In the test run, detach tier was executed after fix layout was complete.
*** This bug has been marked as a duplicate of bug 1332957 ***
*** Bug 1333804 has been marked as a duplicate of this bug. ***
Partial RCA: there was a GFID mismatch found during detach operation.
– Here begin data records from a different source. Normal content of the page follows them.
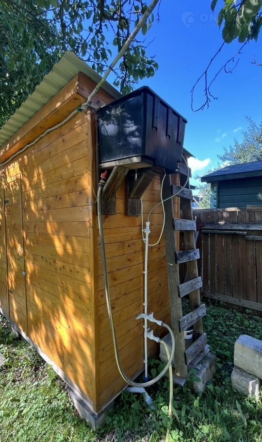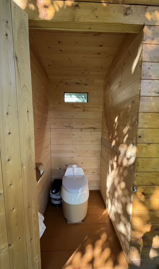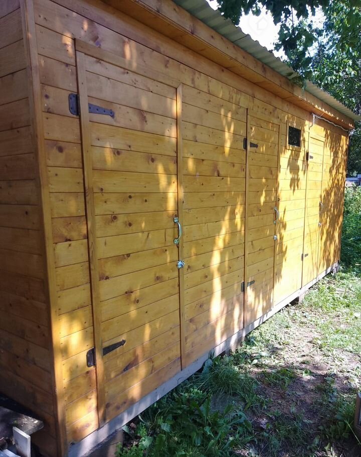 На участке новый хозблок 6х2,3 м - строение разделено на три помещения: санузел с биотуалетом, хозпомещение под садовый инвентарь, душевая с электроводонаревателем.
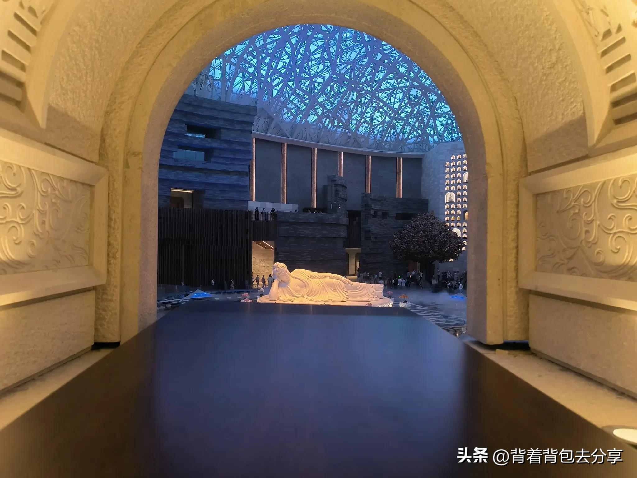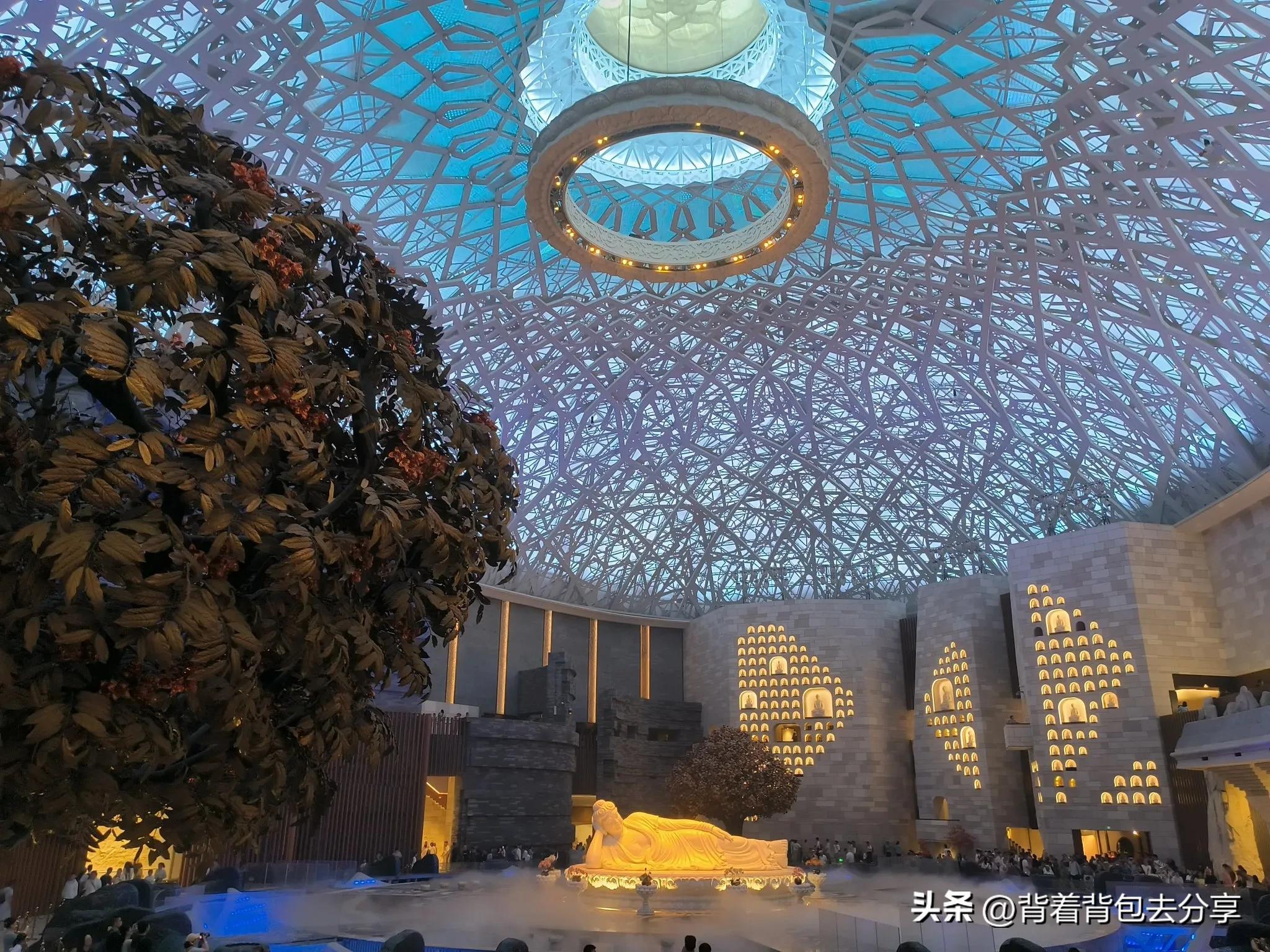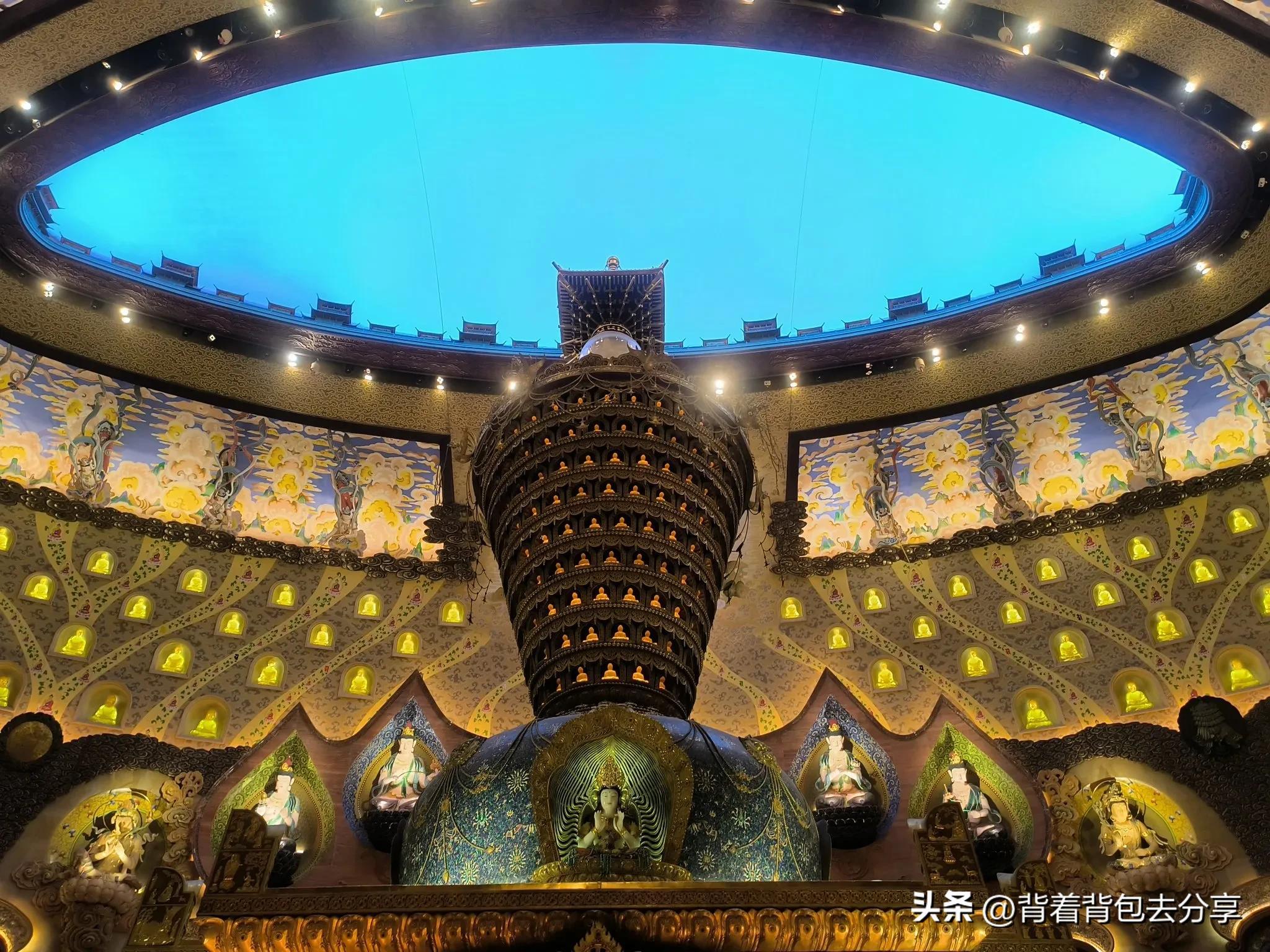 佛頂宮,耗資40億打造的佛教聖地,建築宏偉,內部有地宮六層,藏有千年佛教藝術瑰寶,而佛頂宮設計靈感,來源於佛陀在一棵菩提樹下大悟成佛的故事,地形塑造向心內凹,以螺旋石陣暗喻佛光與宇宙的無窮
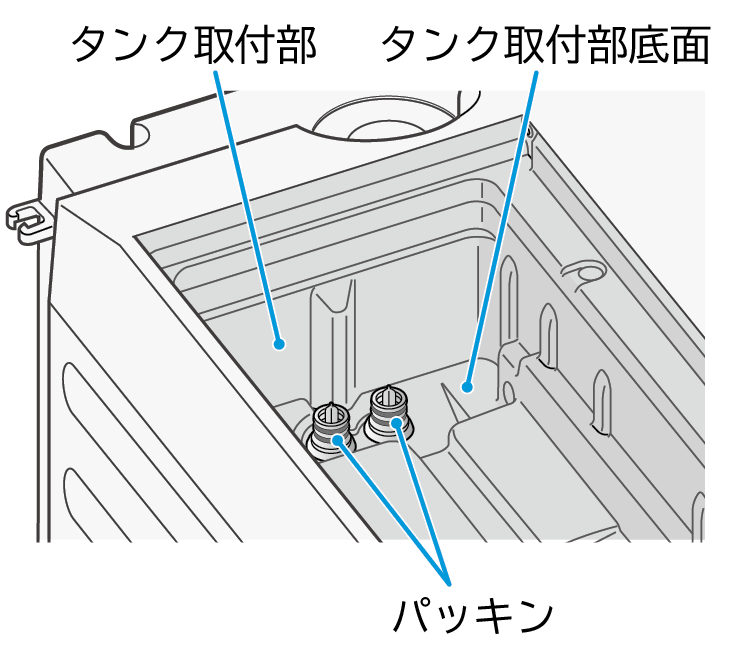 お手入れ後に液体洗剤タンク・柔軟剤タンクを取り出して、残った水を捨ててからタンク内やタンク取付部周辺を柔らかい布で完全にふき取ってください。
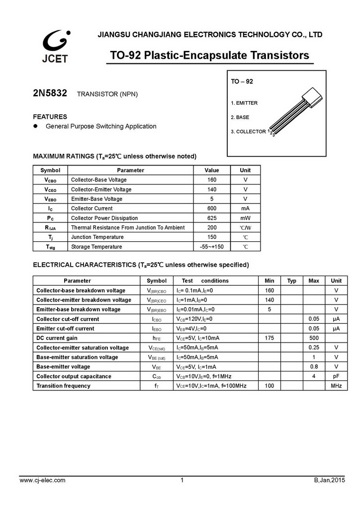 2N5832 NPN 625mW IC=600mA BVCBO=160V TO-92 長電 開關高壓放大晶體管

the error messages are : [2016-05-01 08:07:31.938737] W [MSGID: 122019] [ec-helpers.c:361:ec_loc_gfid_check] 0-ganesha-tier-disperse-0: Mismatching GFID's in loc [2016-05-01 08:07:31.938886] E [MSGID: 109023] [dht-rebalance.c:2353:gf_defrag_get_entry] 0-ganesha-tier-tier-dht: Migrate file failed:/linux-kernel/linux-4.5.2/Kbuild lookup failed [2016-05-01 08:07:31.938945] I [dht-rebalance.c:2672:gf_defrag_process_dir] 0-DHT: Found critical error from gf_defrag_get_entry [2016-05-01 08:07:31.939203] E [MSGID: 109111] [dht-rebalance.c:2943:gf_defrag_fix_layout] 0-ganesha-tier-tier-dht: gf_defrag_process_dir failed for directory: /linux-kernel/linux-4.5.2 [2016-05-01 08:07:31.939245] E [MSGID: 109016] [dht-rebalance.c:3120:gf_defrag_fix_layout] 0-ganesha-tier-tier-dht: Fix layout failed for /linux-kernel/linux-4.5.2 [2016-05-01 08:07:31.939264] E [MSGID: 109016] [dht-rebalance.c:3120:gf_defrag_fix_layout] 0-ganesha-tier-tier-dht: Fix layout failed for /linux-kernel
Discussed in scrum, QE is working on steps to make this reproducable.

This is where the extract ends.